Grammar & Lexer
Token kinds, operator precedence, and EBNF grammar for the Achronyme surface language.
Lexer
Hand-written single-pass byte scanner. No external dependency (no pest, no logos).
- File:
crates/achronyme-parser/src/lexer.rs - Entry:
Lexer::tokenize(source: &str) -> Result<Vec<Token>, ParseError> - Handles UTF-8 multibyte input via
advance_multibyte(); tracks(line, col, byte_offset)for every produced token so downstream diagnostics can render carets at the correct visual column even when the source contains non-ASCII identifiers. - Comments are stripped at lex time:
//line comment, terminated by newline (or EOF)/* ... */block comment, non-nesting (single-pass scanner; nesting would require a counter and is not supported)
- Whitespace (
' ','\t','\r','\n') is consumed between tokens. - Numeric literals are recognised by their prefix:
- bare digits →
Number 0p→FieldLit(decimal/hex/bin variant by suffix)0i<width>→BigIntLit(width is the bit width: 256, 384, 512, …)
- bare digits →
Token kinds
The full TokenKind enum lives in crates/achronyme-parser/src/token.rs. Below it is grouped by role. A token is (kind, span, lexeme); lexeme is borrowed from the source for cheap identifier comparison.
Literals
pub enum TokenKind {
Number, // 42, 0, 9999
FieldLit, // 0p123, 0p1A2F, 0p0b1010
BigIntLit, // 0i256_DEAD..., 0i384_0b1010..., 0i512_999
StringLit, // "hello"
True, // true
False, // false
Nil, // nil
// ...
}
Keywords (23 reserved)
let mut if else while
for in fn return break
continue print nil true false
public witness prove circuit forever
import export as
These are matched by exact lexeme after a generic identifier has been recognised.

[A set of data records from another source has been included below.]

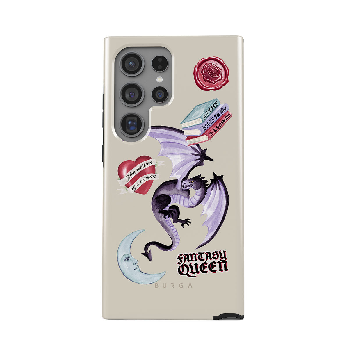 Questo design include: drago viola, sticker "Fantasy Queen", luna crescente, sigillo di cera viola, cuore con messaggio, libri.
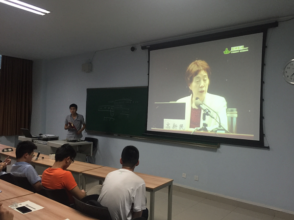 在会议的下半段,高书记播放了一段“两学一做”的相关讲座视频,同学们都更好地理解了两学一做,理解了其关键精神,也更加警醒了作为一名党员、预备党员、积极分子的责任和底线。
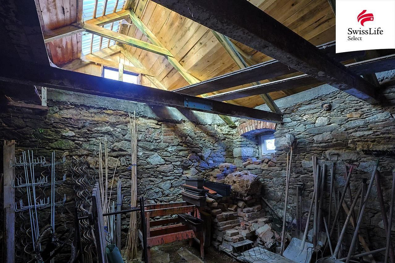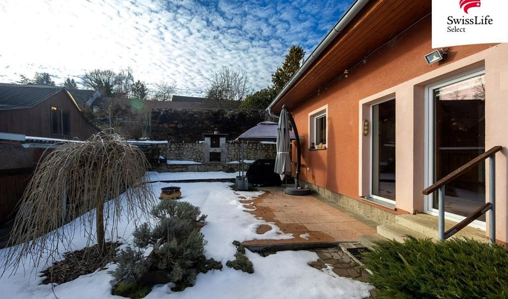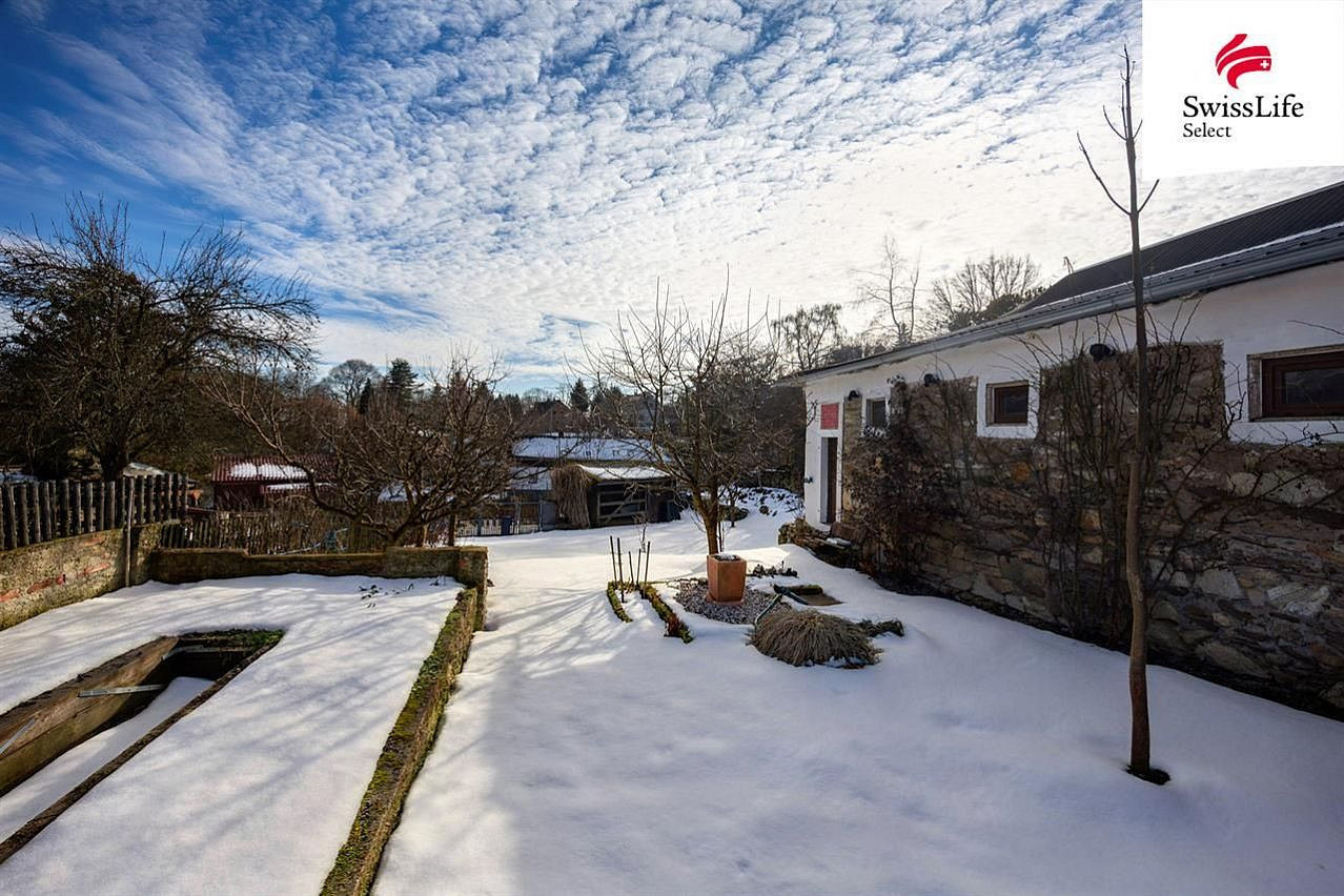 Vedlejší budova bývalého chlíva z precizně skládaného kamenného zdiva je jako stvořená například pro umělecký ateliér. Krom toho nabízí i velké zázemí pro dílnu, uskladnění zahradního náčiní, výpěstků, dřeva, popřípadě zde nějaký čtyřnohý spolubydlící najde svůj prostor. Zahrada je mírně svažitá, orientovaná na jih - slunce je tu dostatek. Pozemek je výborně udržovaný, najdete zde s láskou opečovávané květiny, keře i ovocné stromy. Vymazlená terasa a posezení s venkovním grilem s udírnou navazují na obývací pokoj s kuchyní.

Keywords cannot be shadowed as identifiers.
Identifiers
pub enum TokenKind {
Ident, // x, foo_bar, MerkleProof
// ...
}
IDENT = letter { letter | digit | "_" }. ASCII letters only at the start; _ allowed after the first byte.
Operators
pub enum TokenKind {
// Arithmetic
Plus, Minus, Star, Slash, Percent, Caret,
// Comparison
Eq, NotEq, Lt, Le, Gt, Ge,
// Logical
AndAnd, OrOr, Bang,
// Assignment
Assign, // =
// Path / member
ColonColon, // ::
Dot, // .
Question, // ? (ternary)
// ...
}
Delimiters
pub enum TokenKind {
LParen, RParen, // ( )
LBrace, RBrace, // { }
LBracket, RBracket, // [ ]
Comma, Colon, Semicolon,
DotDot, // .. (range)
Arrow, // -> (return type, unused in current grammar)
Eof,
}
Operator precedence
Pratt parser. Source: crates/achronyme-parser/src/parser/tables.rs. The Pratt loop reads left_bp and right_bp from infix_binding_power(token) and recurses while right_bp >= caller_bp.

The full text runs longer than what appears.